Consciously determine what you want to happen in your life.  Try to set at least one solid and realistic goal that you feel you can accomplish to start getting to that new direction.  Align yourself with people who agree that your new direction is a good one and listen to what they have to say.

5.  Help someone.

Find a way to give something of yourself that makes you feel good about yourself.  Teach someone else something new.  Give away a dollar in front of the thrift store.  Serve as an usher at church or help out at the local soup kitchen.

6.  Think differently.

Get a new attitude.  You can’t expect a different result if you keep doing and thinking the same things you’ve always done and thought.  Read books on new subjects.  Try to understand someone else’s viewpoint.  Participate in a new group that discusses things you haven’t yet discussed.

7.  I know, it’s not easy.

It’s not easy, it’s not quick, but only you can really turn your life around.  Only you can change the way you look at life.  A change in attitude can help you view your world in a more favorable light and perhaps even get you started back on the path to happiness.

Please use the comments to list other resources you know about to help others put themselves in the path of happiness.

This post was written by Marie. 


Comments

Put Yourself on the Path of Happiness for the Holiday Season — 19 Comments

  1. Your article was very inspirational, and it is good to be reminded of those in our circle of friends and community that need help.
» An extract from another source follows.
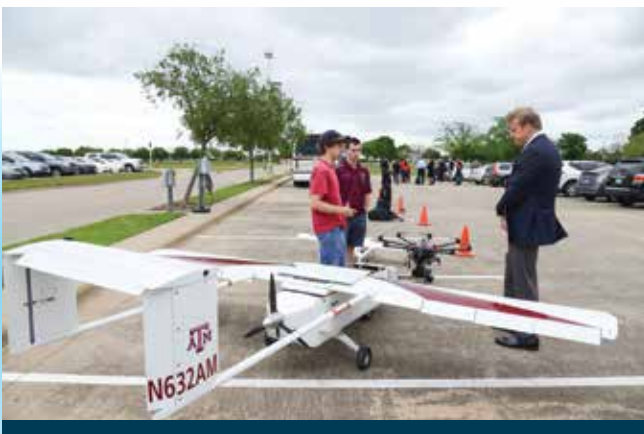
Working with advanced technologies, Texas A&M students will learn by doing as part of the Campus Transportation Technology Initiative.

"We believe we can offer the transportation industry and other public- and private-sector partners unique

We had a tragic event occur with our daughter several years ago, and the amount of love, support, and prayers helped us through it. We vowed that we would always return that kindness by helping other people when we can.

    • Monica, I’m truly sorry to hear about your daughter but I’m glad that you did receive support through it.

      After I wrote this post but before it was published, a well known and loved TV weatherman in our area committed suicide. I wish the love and respect being shown now for him by the entire city could have helped him through his depression and prevented his last act. You just never know when a simple act of kindness can help someone so much.

  2. It is very hard to see past the immediate problems, but there is help out there. Look for the positive and add to it. The positive feelings can bring you up out of the problems.

  3. When my mom divorced when I was six, she followed through on all of these, seeking help, signing up for college, forgiving herself, etc. I’m very proud of how much she accomplished, and I know she is happier for it.

  4. Good list. I especially like your including the point on forgiveness. I think it is very important to relinquish any unforgiveness, including not forgiving yourself. Too often we unknowingly internalize “poison.”

    • Jeff – I imagine we all have things we think we need to be forgiven for – whether they are real or just imagined they can block our progress.

  5. Helping others is a great way to give back to society and feel good about yourself. People really do appreciate help from others. Seeing this, it can help one to be a happier person. 🙂

  6. Getting through adversity is difficult enough, but the holiday season can seem to magnify difficulties, so this post is timely. Great suggestions. I too think forgiving yourself is most important; too often we cause our own turmoil by blaming ourselves and reliving difficult events.

  7. Good thoughts, Marie. This holiday season, we’ve found a family in need of help. More impactful than sending cash to a large organization. A share of the donation must perforce go to support the administration, instead of being directly used.